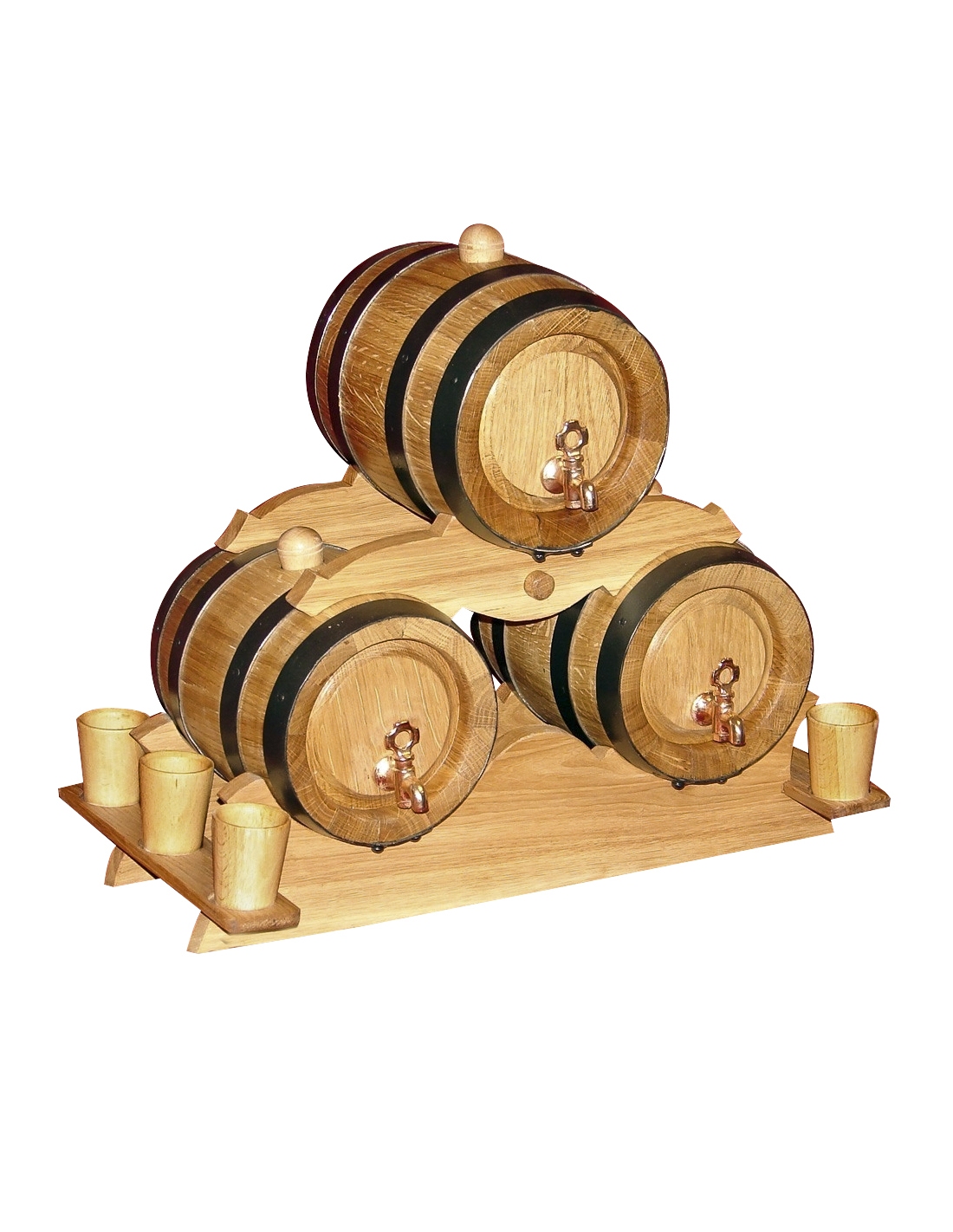 Eichenfass Set 3 x Fass 2 Liter + 6 Holz Becher mit Zapfhahn aus Messing Fass Holzfass Weinfass Natur
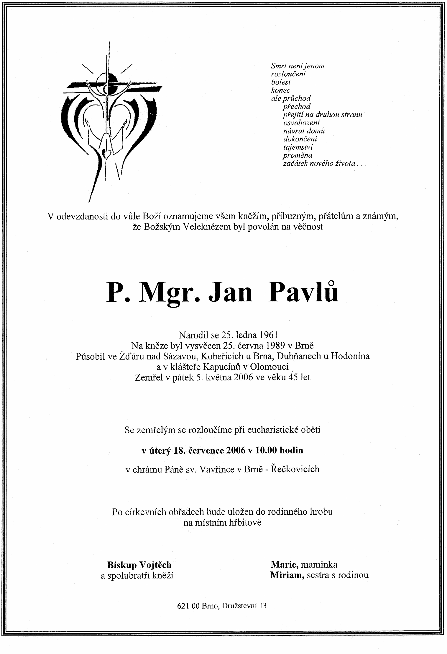Jedenáctým farářem v Dubňanech se stává P. Mgr. Jan Pavlů, narozen 25. ledna 1961 v Brně, jako syn zahradního architekta a bankovní úřednice.. Maturoval na gymnáziu v Brně-Husovicích. Pracoval jako dělník ve Zbrojovce Brno. Bohosloví studoval v Litoměřicích. V roce 1989 byl vysvěcen na kněze. Působil ve Žďáru n/Sázavou, Kobéřicích u Slavkova, v Nížkovicích. Přednášel dogmatiku na TK v Brně. Dále studoval na universitě v Pasově, stáže v Římě, v Ulmu v Německu. V roce 2000 pro závažnou nemoc odešel z Dubňan. Dne 5.5.2006, ve věku 45 let byl Pánem povolán na věčnost.
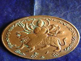 An eight armed Durga image coin |

» Task prompt:
Write out, exactly and only, the lines from the one containing "Jedenáctým farářem v" through the last line of the material above. Pictures do not go in the copy.

» Written answer:
Jedenáctým farářem v Dubňanech se stává P. Mgr. Jan Pavlů, narozen 25. ledna 1961 v Brně, jako syn zahradního architekta a bankovní úřednice.. Maturoval na gymnáziu v Brně-Husovicích. Pracoval jako dělník ve Zbrojovce Brno. Bohosloví studoval v Litoměřicích. V roce 1989 byl vysvěcen na kněze. Působil ve Žďáru n/Sázavou, Kobéřicích u Slavkova, v Nížkovicích. Přednášel dogmatiku na TK v Brně. Dále studoval na universitě v Pasově, stáže v Římě, v Ulmu v Německu. V roce 2000 pro závažnou nemoc odešel z Dubňan. Dne 5.5.2006, ve věku 45 let byl Pánem povolán na věčnost.
 An eight armed Durga image coin |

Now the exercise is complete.